Making something so challenging look so effortless is a result of a lifetime of training and an endless passion for the sport. Meryl grew up near a lake in Michigan where she started skating in the winters when she was just five years old. She fell in love with skating right away and wanted to be on the ice all the time.

M: One of the things that I fell in love with on the ice was the freedom of movement and speed with witch you can move across the ice. I still love those things.  Over time, I've fallen more in love with the artistic side of the sport. While I originally fell in love with the physicality and movement on the ice, I grew to appreciate the beauty of expressing one's self emotionally as well.

Meryl’s parents were supportive of her passion for skating, but insisted that school take priority until high school graduation. This meant that typically Meryl skated for two hours per day after school.

M: I think the fact that my parents always prioritized school allowed me to maintain skating as a passion rather than obligation. Too often, parents push their kids into extra curricular activities and place so much importance on “success”. Rather, I believe that giving kids the opportunity to pursue their own dreams is a healthier way them to get the most out of the experience.

Throughout high school Meryl continued to pursue skating as a passion, never thinking that it would be her career. Being an Olympic Champion was not on her mind. Instead, she and Charlie focused on smaller goals, which Meryl found to be a very satisfying way to make progress. It seems to have kept the pressure at bay and skating could continue to simply be the after school activity that Meryl loved more than anything.

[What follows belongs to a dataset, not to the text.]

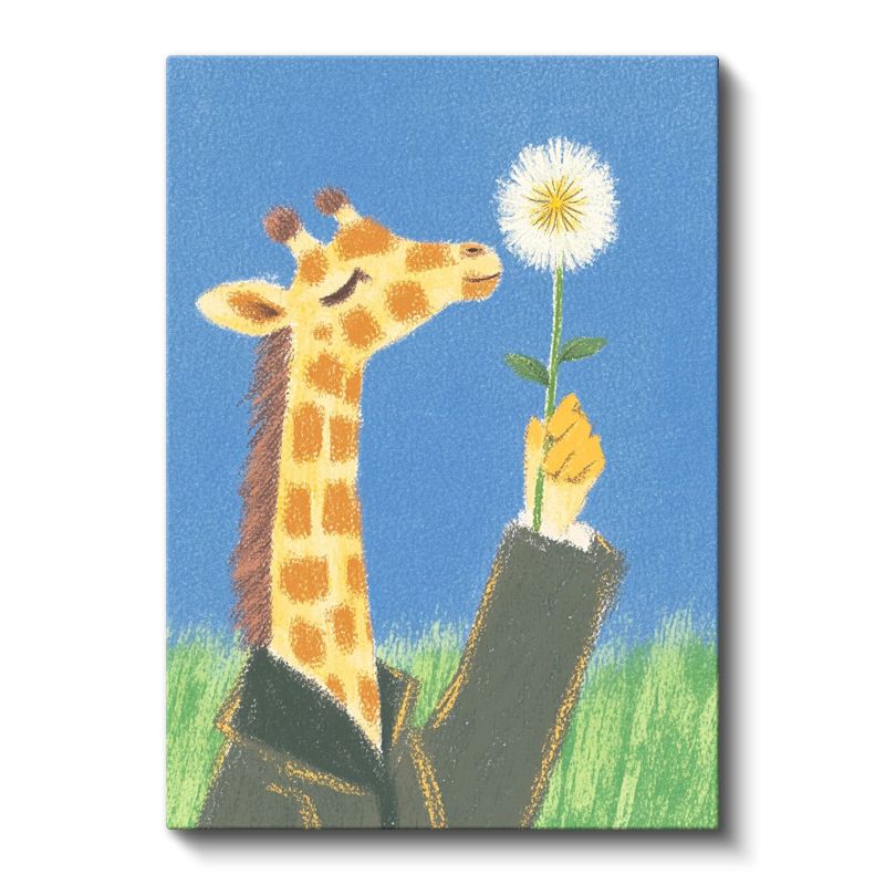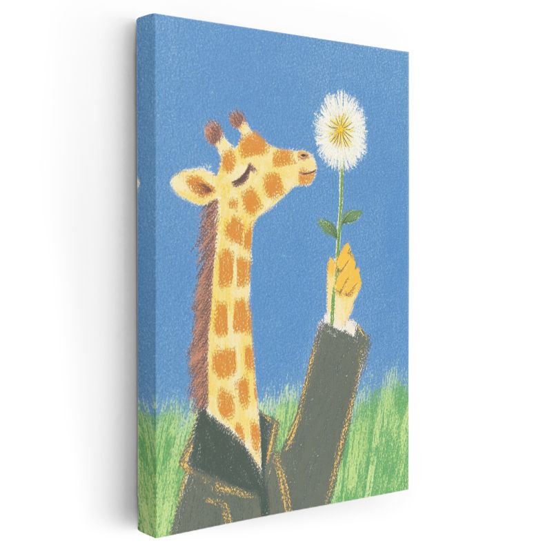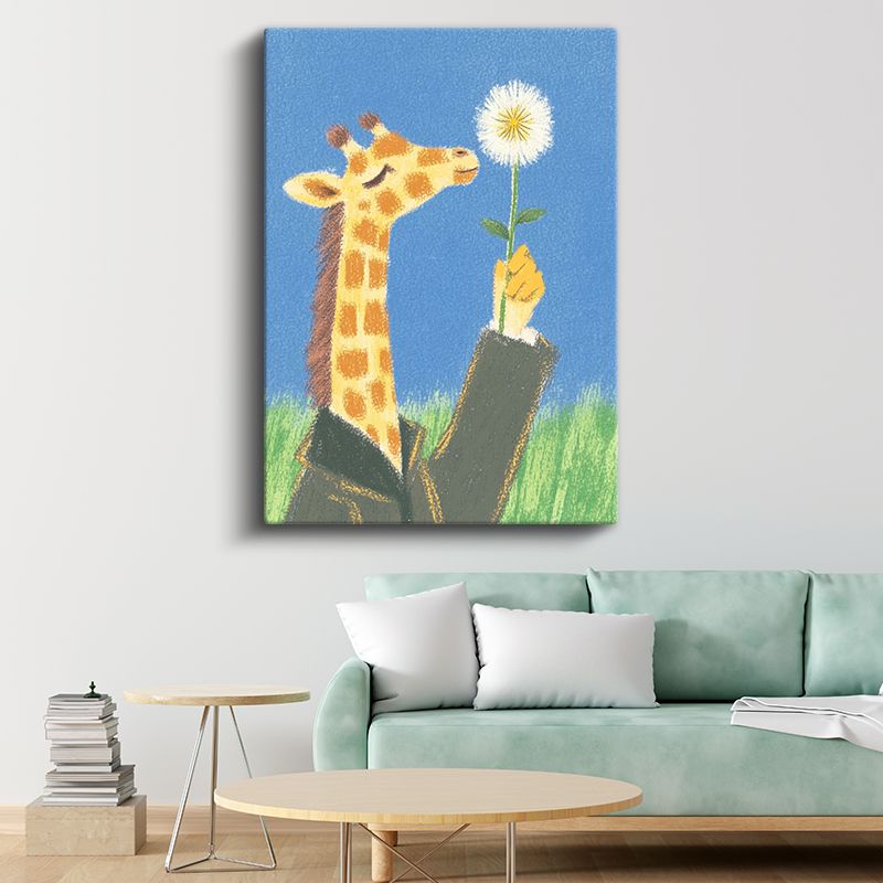 Çiçek Koklayan Zürafa - Mavi Gökyüzü Altında Sevimli Dostumuz Kanvas Tablo

M: Charlie and I had countless small goals set for ourselves over the years. When we began together in 1997, we were a long way from any Olympic podium. It never felt as though we had to struggle to find things to improve upon and so we continued to find areas to grow in from one year to the next. Seeing little improvements and taking steps in the right direction was an approach we began utilizing as children and continued to find value in all the way through two Olympics.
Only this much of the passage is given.